Please read Part 1 before continuing if you have not already.
I have received two main questions on my model of Europe, so I will briefly address those here.
From Part 1:
Model Assumptions:
10% prevalence (probably low, large-scale studies suggest 14% in Italy and 13.8% in the U.S. with prevalence trending higher).
The 6 countries with Rx approval will switch to OTC approval as real-world data on the product becomes available.
No inclusion of the U.K., Germany, or other European markets to be pursued later.
An average of 4 infected nails per patient (the mean number of infected nails was found to be 4.4 in a Polish study).
An average of 0.03 ml of product per nail per day from a 5 ml tube.
270 million total inhabitants across the 13 approved countries.
48-week treatment course with once-daily applications (8 units per treatment course on average).
$3M in annual opex based on Q1 2024 opex, annualized and rounded up.
Corporate tax rate of 20.6%.
Why did you take 14% of MSRP as your central case for a gross profit rate?
This rate is equivalent to a 14% royalty on the product sold at full price (399 SEK)—revenue to the company minus COGS.
The terms of the licensing deals have not been disclosed, but this is what we know:
The ex-factory price will be €15 (166 SEK at the time of writing) in Europe—the revenue split between Moberg, the partner, and COGS.
Gross margin is 60% in Sweden.
Sweden will have a slightly higher gross margin than RoE because Moberg is helping Allderma with marketing spend.
Given those knowns, I am assuming Europe will have an average gross margin of 50%, and I am assuming the gross profit split with Bayer will be even, which implies an even split between the three of 166 SEK.
55.3 SEK to COGS
55.3 SEK to Bayer
55.3 SEK to Moberg
55.3/399 = 13.9%
That is where the 14% comes from. I believe it passes the sanity check.
Why did you use 3-7% as a range for the rate of EU TAM capture for MOB?

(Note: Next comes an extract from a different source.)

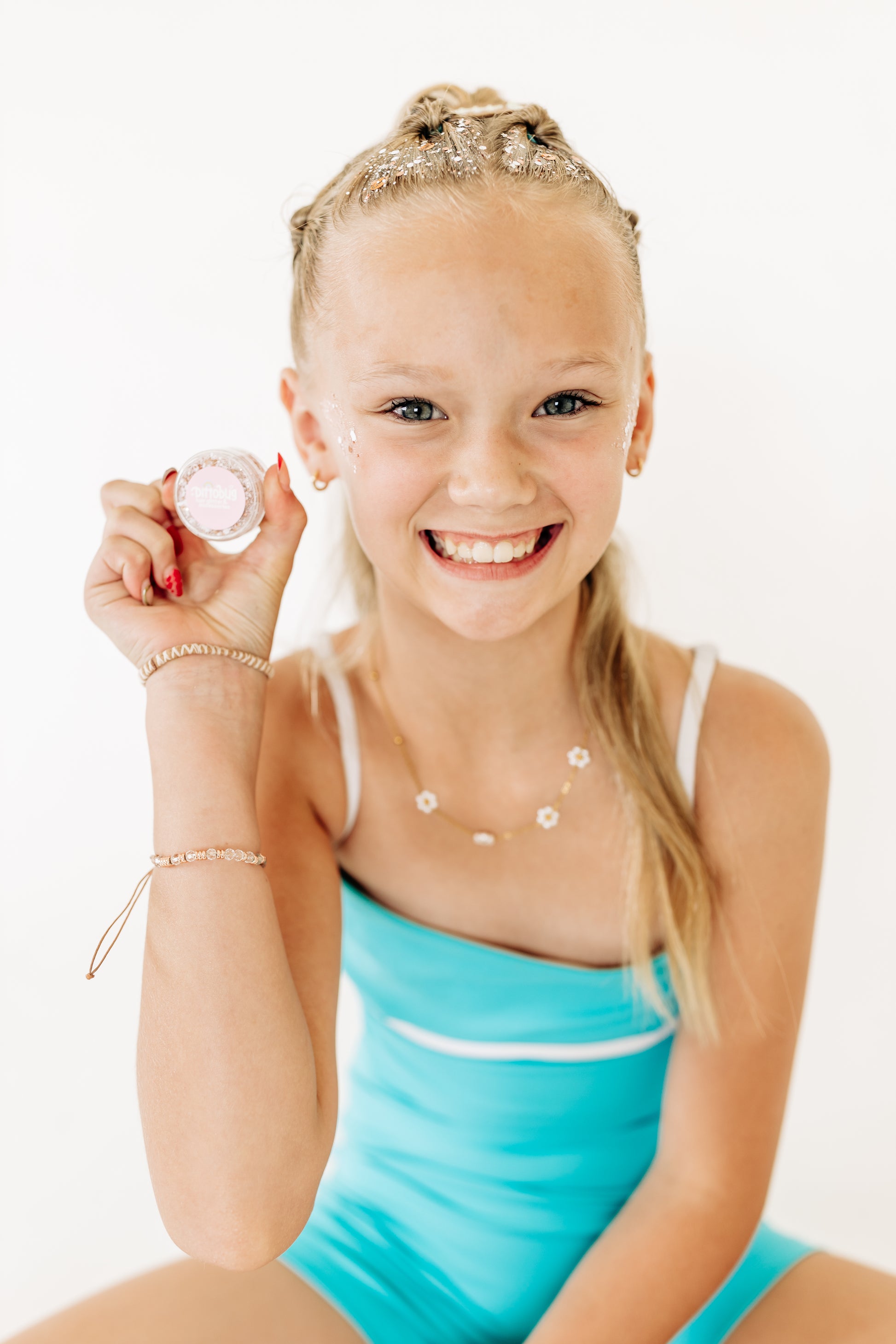 Our colorful glitters are handmade with high quality, unscented gel and bright glitter your children (and you!) will love. Look no further for a girl’s hair glitter that goes on smooth and isn’t crunchy when it dries! Safe to use on hair.

In Part 1, I estimated treatment rates in prescription markets to be 3-5%. If Rx treatment rates translated one-for-one to OTC treatment rates, 3-7% would be a very aggressive range, requiring total market dominance plus treatment rate expansion.

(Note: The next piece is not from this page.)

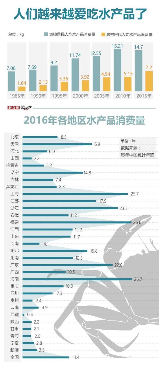 根据国家统计局《统计年鉴》,2015年,全国城镇居民人均水产品消费量为14.7公斤,农村居民人均水产品消费量为7.2公斤,分别是三十年前的2.1倍和4.4倍。

However, OTC treatment rates should be markedly higher than Rx rates for the following reasons:
Most people are ashamed of their onychomycosis and would be more likely to treat it if they could skip a conversation with the doctor and get it straight off the shelf or delivered to their doorstep.

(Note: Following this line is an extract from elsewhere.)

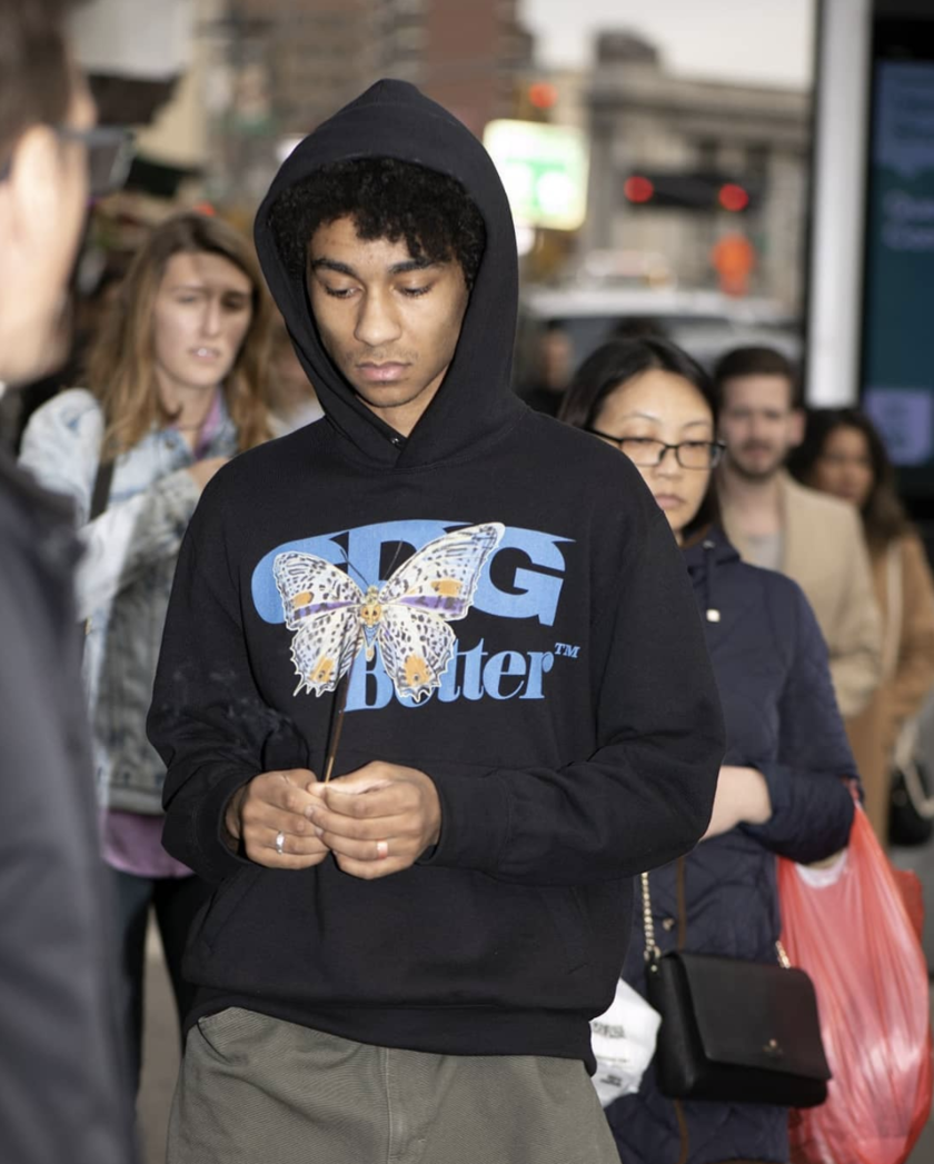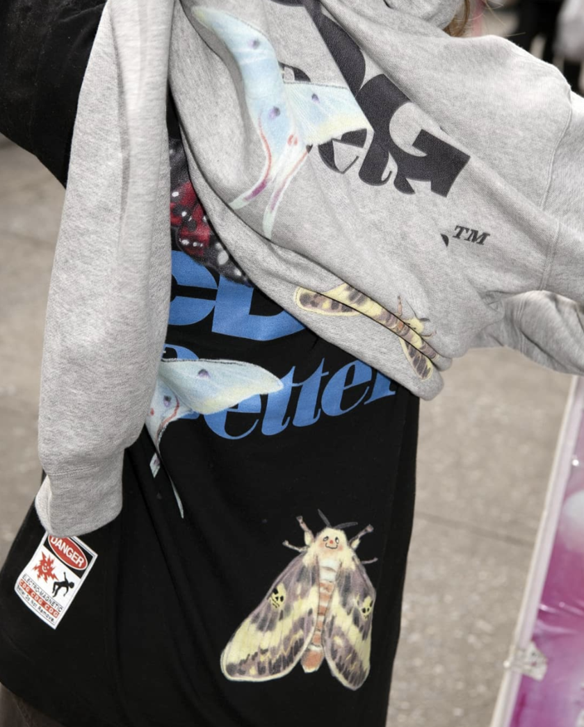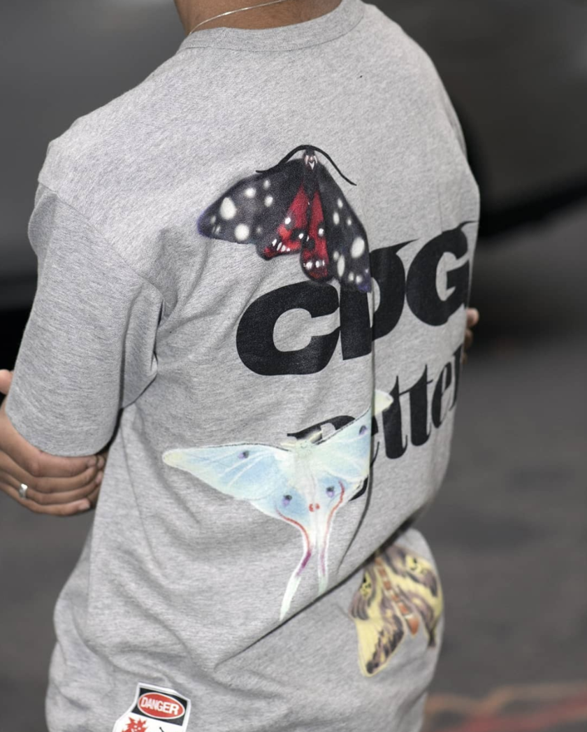 创意礼品店 Better Gift Shop 最近与川久保玲的 COMME des GARÇONS CDG 合作打造了一个胶囊系列。系列涵盖了 T-Shirt 和帽衫等单品,在配色上以黑色和灰色为主调,蝴蝶印花元素融入 CDG 一贯的简约风格,呈现出独具时尚韵味的视觉效果。目前这个系列已在 Dover Street Market 店铺限量发售,喜欢的朋友可以关注一下,选择渠道入手哦。

Compared to prescription drugs, OTC drugs have far less stringent regulations around advertising in the EU. You can market an OTC product.
There is potential for misdiagnosis by patients. "Only about half of nail problems labeled as being fungal infections actually are." A lab test or experienced doctor would identify these cases and prevent a prescription from being written, but a self-diagnosing patient might try an OTC treatment for anything that looks fungus-like. In effect, the OTC TAM is higher than the Rx TAM.
So, OTC jurisdictions should see higher treatment rates than 3-5%, but how much higher? It is impossible to say for sure, but there is one good OTC-switching comp with high-quality data that can give a rough idea.
In 1996, the FDA approved three nicotine replacement therapies for OTC sale, which were formerly prescription only. A 1997 study found that “use of the medications [had] increased by 152% compared with prior prescription use”. The same product had 2.5x better market penetration under an OTC regime.
If OTC treatment rates were 7.5%-12.5% for onychomycosis, a 5% market penetration rate for MOB-15 would represent a 40%-67% market share.
That is plenty doable for a treatment entering an OTC market with NO COMPETITORS THAT ACTUALLY KILL THE FUNGUS. All the fungicidal products are prescription-only. In Sweden, for example, the incumbent market leader was Nalox, which doesn’t contain a fungicide (e.g., terbinafine or efinaconazole).
In one month of advertising, Terclara became the market leader at 36% share and drove 52% market growth YoY. There is no competition in OTC markets.
I believe Moberg should comfortably be able to treat 3-7% of onychomycosis cases in OTC markets.
Remember, Europe is just a piece of the puzzle, and if you can comfortably justify buying the company based on this geography alone, it qualifies as a “screaming buy”. We have yet to even touch the U.S., which will ultimately be the primary profit engine.
If you feel your time was well spent reading my work, please share.
Thanks for reading,
Sharpe
I hold a material investment in Moberg Pharma. My positioning may change at any time and without notice.
I do not work for the company in any capacity.
I write for informational purposes only; nothing written should be misconstrued as financial advice.
why do you think gross profit split b/w Bayer and MOB will be even? Thank you
Why do you go with the current label, as opposed to the US trial dosing regimen? (8 week daily + 40 week weekly application?)